In most elementary schools, children are taught how to recycle, but a lot of schools don’t put their teaching into practice. They don’t recycle. The schools don’t talk to children’s parents about recycling, so the information doesn’t leave the classroom.
There are those of every nationality who just don’t care, and deliberately pollute the environment.
There are solutions but it requires effort from each and every one of us.
And there are plenty of options for recycling.
• Two of the most convenient recycling options are the Puntos Nit Nambii recycling containers. One is at the Agencia Municipal, on the corner of the Coast Highway and 3a Norte. The second one is on Zicatela Beach in front of the giant abandoned concrete apartments, on the east end of Calle del Morro.
Here people can recycle PET bottles; HDPE or high-density polyethylene bottles (hard plastics like liquid detergent or shampoo containers); PP or polypropylene bottles (electrolyte bottles); aluminum cans, paper and cardboard.

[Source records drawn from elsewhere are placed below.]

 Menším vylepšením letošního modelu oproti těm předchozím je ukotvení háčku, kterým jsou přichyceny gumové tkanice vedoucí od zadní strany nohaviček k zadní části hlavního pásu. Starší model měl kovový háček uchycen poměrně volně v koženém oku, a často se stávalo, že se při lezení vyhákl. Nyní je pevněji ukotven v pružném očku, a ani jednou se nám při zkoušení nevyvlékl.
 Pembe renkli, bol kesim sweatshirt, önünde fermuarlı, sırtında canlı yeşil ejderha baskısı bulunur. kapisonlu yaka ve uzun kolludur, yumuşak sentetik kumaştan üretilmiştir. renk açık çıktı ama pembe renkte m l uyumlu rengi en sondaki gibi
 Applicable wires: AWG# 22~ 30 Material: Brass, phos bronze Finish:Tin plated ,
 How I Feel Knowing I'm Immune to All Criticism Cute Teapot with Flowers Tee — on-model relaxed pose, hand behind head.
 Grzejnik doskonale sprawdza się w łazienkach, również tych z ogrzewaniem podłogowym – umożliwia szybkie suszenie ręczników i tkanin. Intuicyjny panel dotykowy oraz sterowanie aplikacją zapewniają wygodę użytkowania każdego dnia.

• Jungla Plástica is a recycling center that was built from scratch by Jesús Castaneyra, his father Margarito Castaneyra and Marcelo Crespi. For over nine years these men have devoted an enormous amount of time and effort to build a non-profit social enterprise that today is a thriving recycling program.
Jesús asks people to bring everything recyclable here, except glass, and leave it at their door. He says it helps if people separate their items. Jungla Plástica recycles soft plastic like plastic bags and wrapping.

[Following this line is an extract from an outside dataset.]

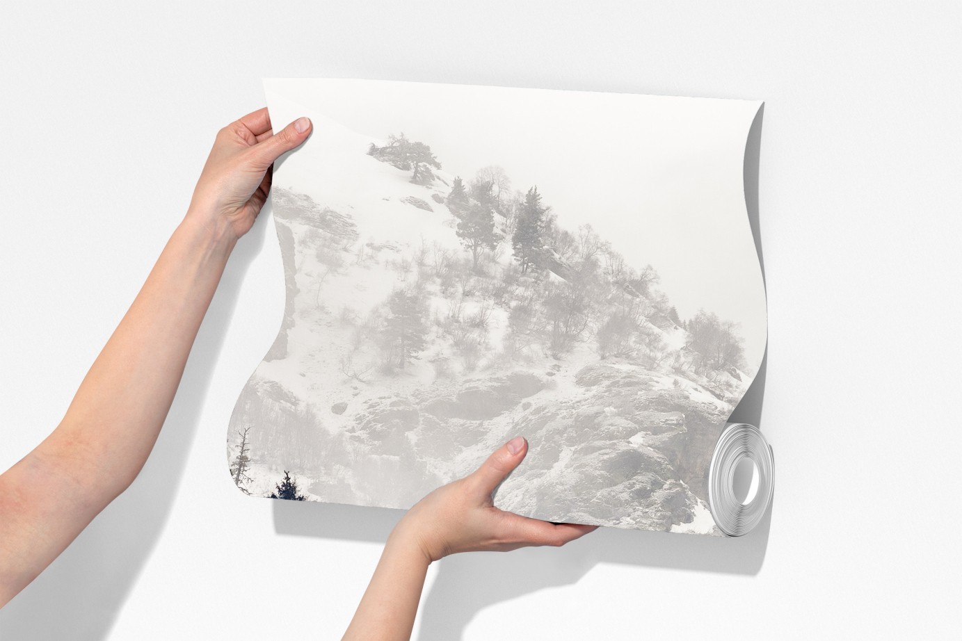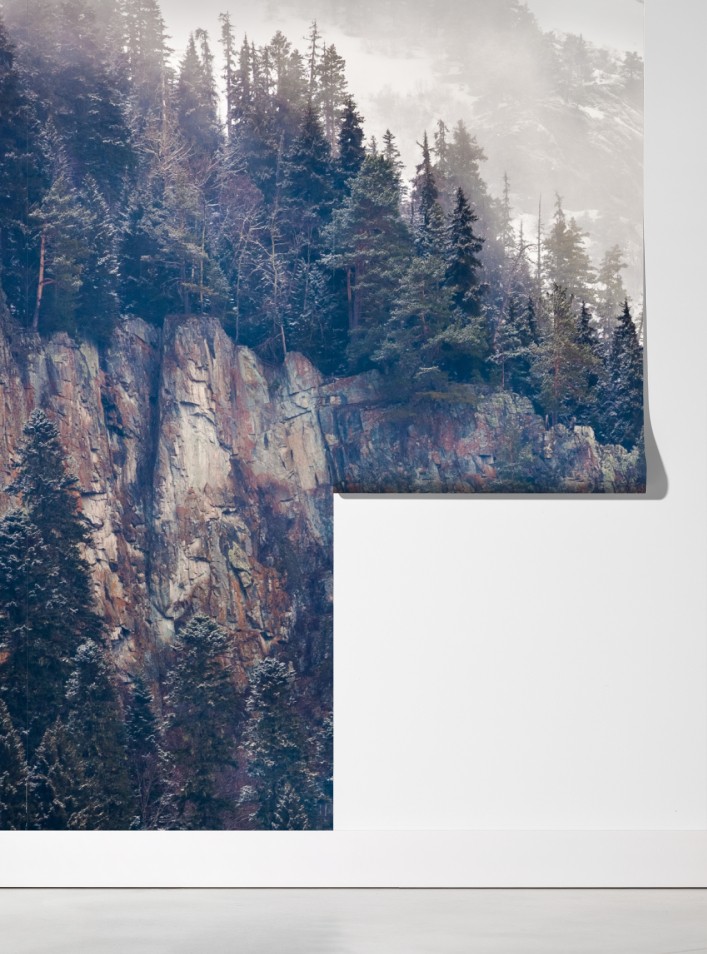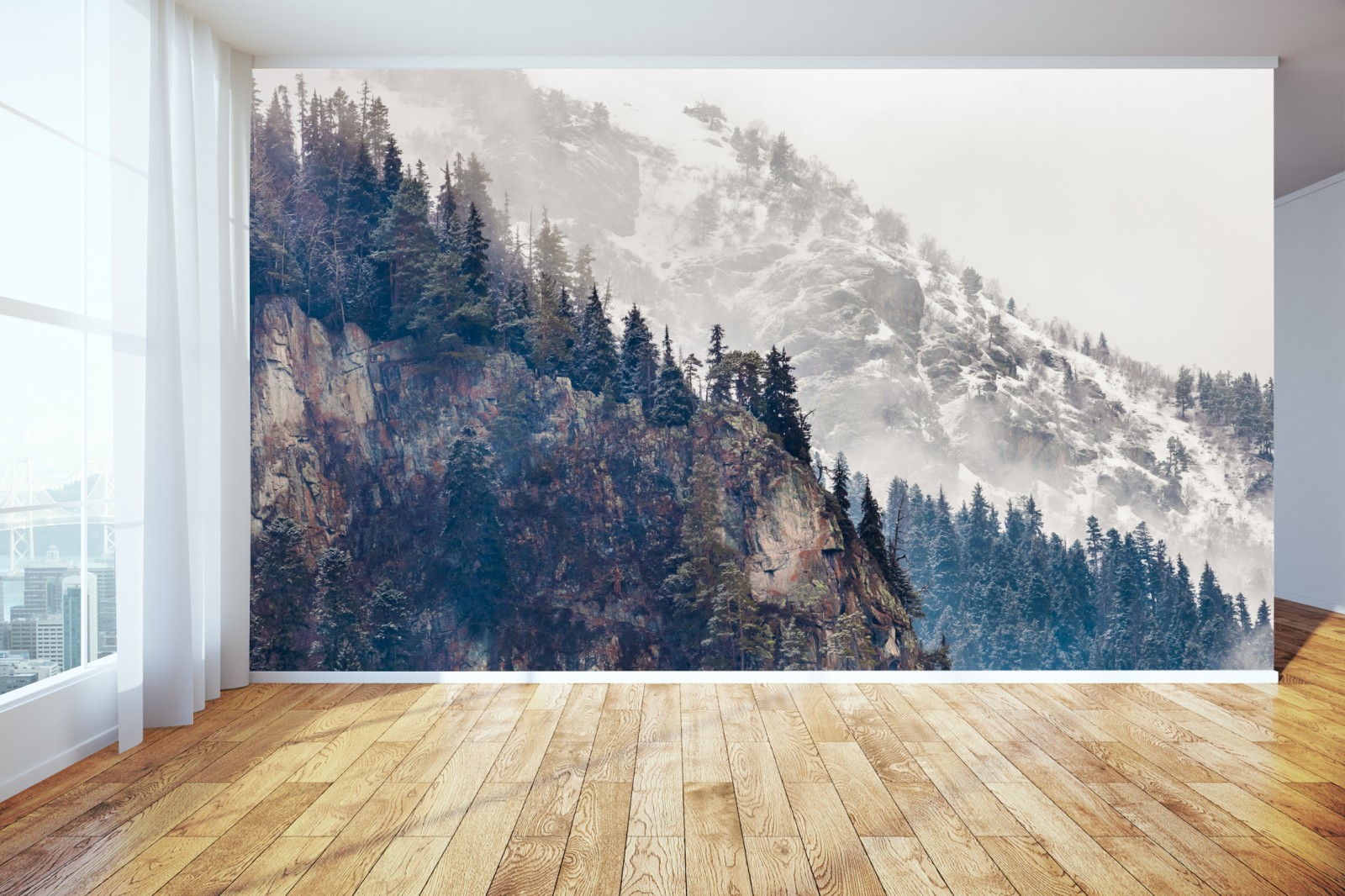 Fototapete nebliger berg mit felsklippe und kieferwald – Wallnifity®
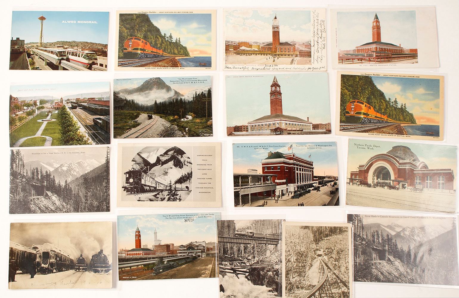 Lot of 17 including one rare real photo. The RPC is a dramatic view of locomotives waiting on a snowy track with "Ellensburg, Winter 1915-16" written in pen at the bottom. Other cards are mostly early printed and include: Seattle O-W and King Street stations; two different Union Depot at Seattle (mailed 1906 & 1908); Seattle Passenger Station; Depot and Park at North Yakima; Snoquaimie Pass (mailed 1916); two of Snowsheds on line of Great Northern RR in Cascades (one mailed 1908); Empire Builder train emerging from Cascade Tunnel; New Union Station, Spokane; Horse Shoe Tunnel (mailed 1924); Northern Pacific Depot at Tacoma; train crossing bridge over Deception Creek (mailed 1908); and 3 more modern cards. (Prag Collection) Date: Location: Washington HWAC# 55455

Jungla Plástica, Calle 6a Nte. 205, Centro. Phone: Jesus – 954 130 7061
• Costa Verde recycles most items, including glass. They even pay for quantities of plastic, paper and cardboard. They are open daily except Sunday from 9 am until 4 pm, and 9 am to 1 pm on Saturdays.
Calle Mar de Bering, next to Refaccionaria Cristian, Colonia Benito Juárez. Phone: Eliza – 954 126 4479
In addition, there are several plastic bottle bins dotted around Puerto. You just have to keep your eyes open for them.
Meanwhile, in La Punta Travis King has worked tirelessly to set up plastic bottle collection points. Travis founded Sostenible_pe, organized meetings between local businesses, and persuaded them to act together to deal with an alarming amount of single-use plastic bottle waste.
La Punta has been overwhelmed by young tourists and digital nomads since the onset of COVID. Most newcomers are unaccustomed to Puerto’s intense heat and they drink a lot of bottled water.
Travis collects all the plastic from the bins every Monday and takes it to a main collection point. It is then removed by Jungla Plástica.
In an effort to deal with one of the main sources of plastic pollution – bottled water, Travis persuaded several businesses to install free water refill stations, where tap water is run through an eco-filter. These stations are becoming more popular throughout Puerto and have reduced the use of plastic bottles.
Another way to combat plastic and trash pollution is by spreading the word. A lot of people don’t realize how harmful litter is. A subtle hint, or a polite conversation explaining that plastic harms our environment, our oceans, and us, can have a huge effect.
It may be challenging to be the lecturer, but for the love of our environment and for humanity, do we have any choice?
Patrick Sheehy is an Irishman who has been living in Puerto Escondido, on and off, since 2005. He has a degree in psychology and experience in various fields including teaching, tour-guiding, writing, working with adults with intellectual disabilities and organic horticulture.